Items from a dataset
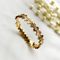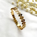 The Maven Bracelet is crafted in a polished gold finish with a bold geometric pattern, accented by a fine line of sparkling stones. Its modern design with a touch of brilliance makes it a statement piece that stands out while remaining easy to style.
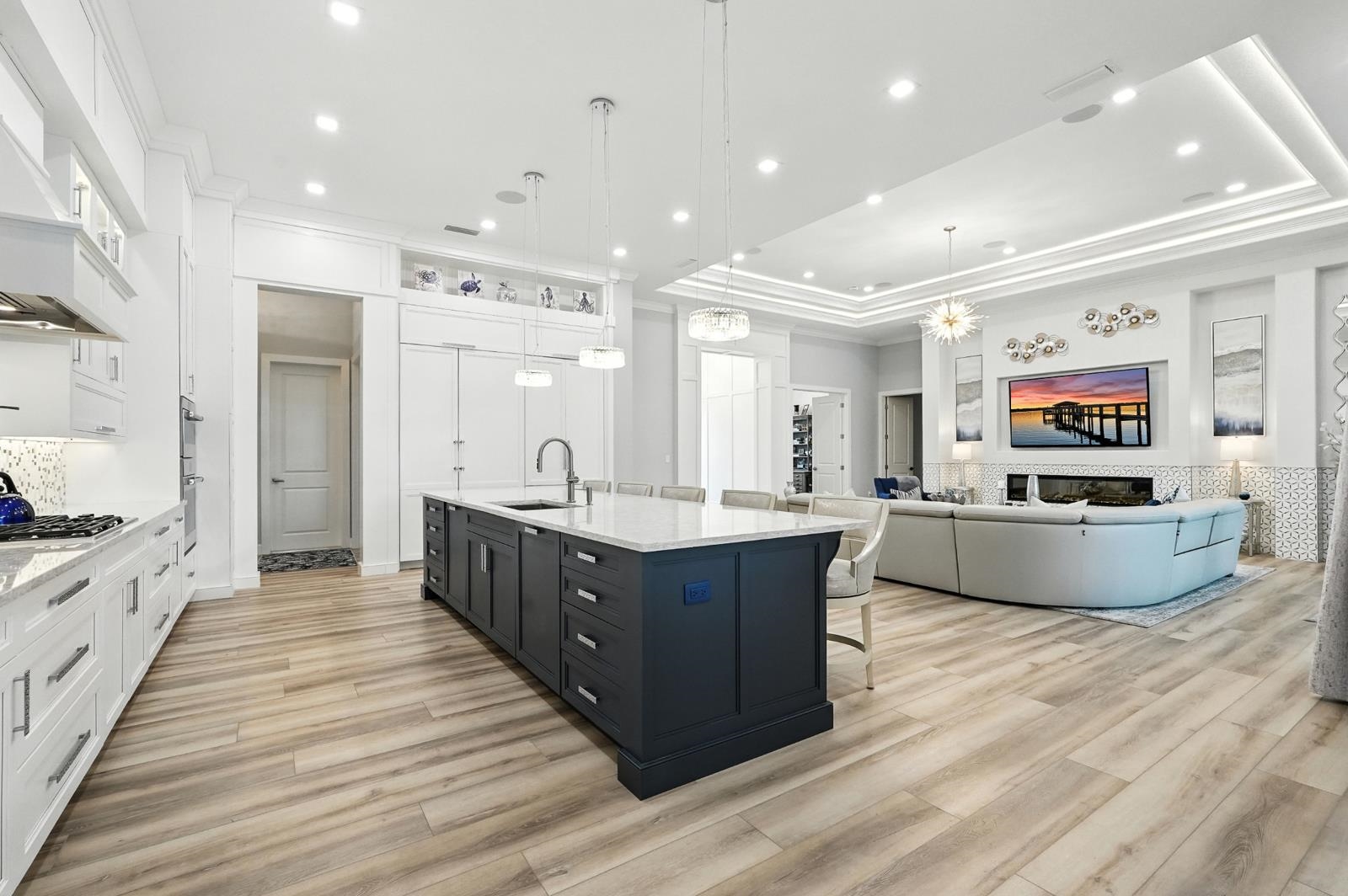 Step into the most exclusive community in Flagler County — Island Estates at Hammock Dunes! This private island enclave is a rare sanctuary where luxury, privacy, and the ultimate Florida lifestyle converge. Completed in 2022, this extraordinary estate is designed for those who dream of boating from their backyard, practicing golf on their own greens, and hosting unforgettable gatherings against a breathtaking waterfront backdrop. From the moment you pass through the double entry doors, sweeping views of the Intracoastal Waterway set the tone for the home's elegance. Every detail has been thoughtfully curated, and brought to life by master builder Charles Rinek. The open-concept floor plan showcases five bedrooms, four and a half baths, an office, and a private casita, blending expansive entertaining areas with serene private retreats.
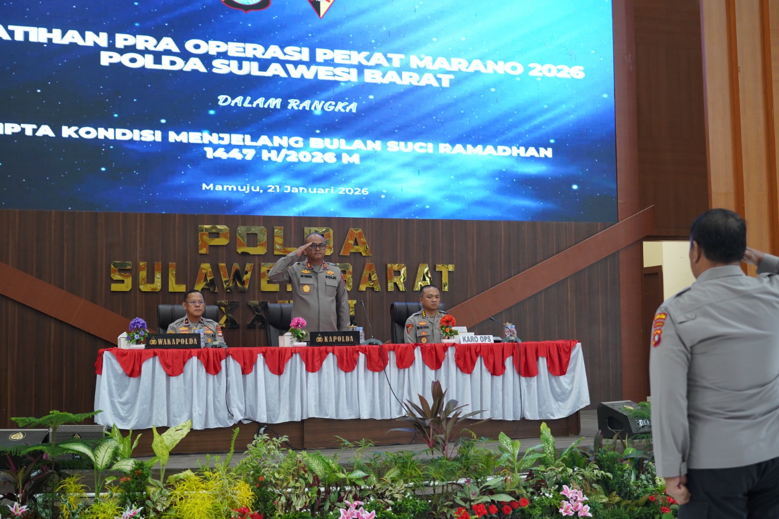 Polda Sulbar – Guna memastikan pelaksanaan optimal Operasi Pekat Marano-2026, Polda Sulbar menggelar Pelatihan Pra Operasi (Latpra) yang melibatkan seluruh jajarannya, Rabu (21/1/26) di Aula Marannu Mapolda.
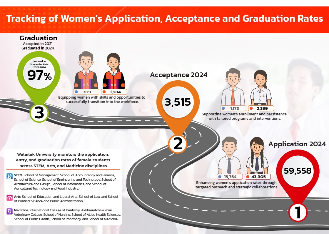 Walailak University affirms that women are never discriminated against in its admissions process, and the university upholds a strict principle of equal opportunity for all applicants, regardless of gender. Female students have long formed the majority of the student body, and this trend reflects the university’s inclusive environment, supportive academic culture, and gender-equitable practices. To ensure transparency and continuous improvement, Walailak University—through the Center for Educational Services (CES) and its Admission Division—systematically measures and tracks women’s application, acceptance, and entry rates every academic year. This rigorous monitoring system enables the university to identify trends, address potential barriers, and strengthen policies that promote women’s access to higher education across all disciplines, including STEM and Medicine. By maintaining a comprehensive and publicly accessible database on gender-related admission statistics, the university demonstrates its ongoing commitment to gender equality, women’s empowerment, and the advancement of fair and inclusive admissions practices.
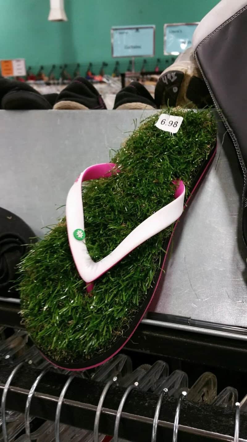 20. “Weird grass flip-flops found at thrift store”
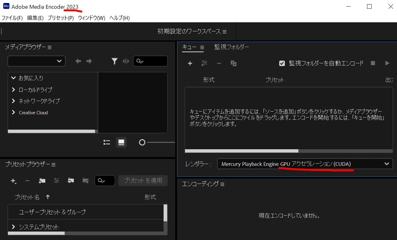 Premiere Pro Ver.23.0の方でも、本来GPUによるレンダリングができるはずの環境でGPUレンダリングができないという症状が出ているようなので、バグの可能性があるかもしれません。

TASK DIRECTIONS
Return every entry above word for word, and include no images.

TASK RESPONSE
 The Maven Bracelet is crafted in a polished gold finish with a bold geometric pattern, accented by a fine line of sparkling stones. Its modern design with a touch of brilliance makes it a statement piece that stands out while remaining easy to style.
 Step into the most exclusive community in Flagler County — Island Estates at Hammock Dunes! This private island enclave is a rare sanctuary where luxury, privacy, and the ultimate Florida lifestyle converge. Completed in 2022, this extraordinary estate is designed for those who dream of boating from their backyard, practicing golf on their own greens, and hosting unforgettable gatherings against a breathtaking waterfront backdrop. From the moment you pass through the double entry doors, sweeping views of the Intracoastal Waterway set the tone for the home's elegance. Every detail has been thoughtfully curated, and brought to life by master builder Charles Rinek. The open-concept floor plan showcases five bedrooms, four and a half baths, an office, and a private casita, blending expansive entertaining areas with serene private retreats.
 Polda Sulbar – Guna memastikan pelaksanaan optimal Operasi Pekat Marano-2026, Polda Sulbar menggelar Pelatihan Pra Operasi (Latpra) yang melibatkan seluruh jajarannya, Rabu (21/1/26) di Aula Marannu Mapolda.
 Walailak University affirms that women are never discriminated against in its admissions process, and the university upholds a strict principle of equal opportunity for all applicants, regardless of gender. Female students have long formed the majority of the student body, and this trend reflects the university’s inclusive environment, supportive academic culture, and gender-equitable practices. To ensure transparency and continuous improvement, Walailak University—through the Center for Educational Services (CES) and its Admission Division—systematically measures and tracks women’s application, acceptance, and entry rates every academic year. This rigorous monitoring system enables the university to identify trends, address potential barriers, and strengthen policies that promote women’s access to higher education across all disciplines, including STEM and Medicine. By maintaining a comprehensive and publicly accessible database on gender-related admission statistics, the university demonstrates its ongoing commitment to gender equality, women’s empowerment, and the advancement of fair and inclusive admissions practices.
 20. “Weird grass flip-flops found at thrift store”
 Premiere Pro Ver.23.0の方でも、本来GPUによるレンダリングができるはずの環境でGPUレンダリングができないという症状が出ているようなので、バグの可能性があるかもしれません。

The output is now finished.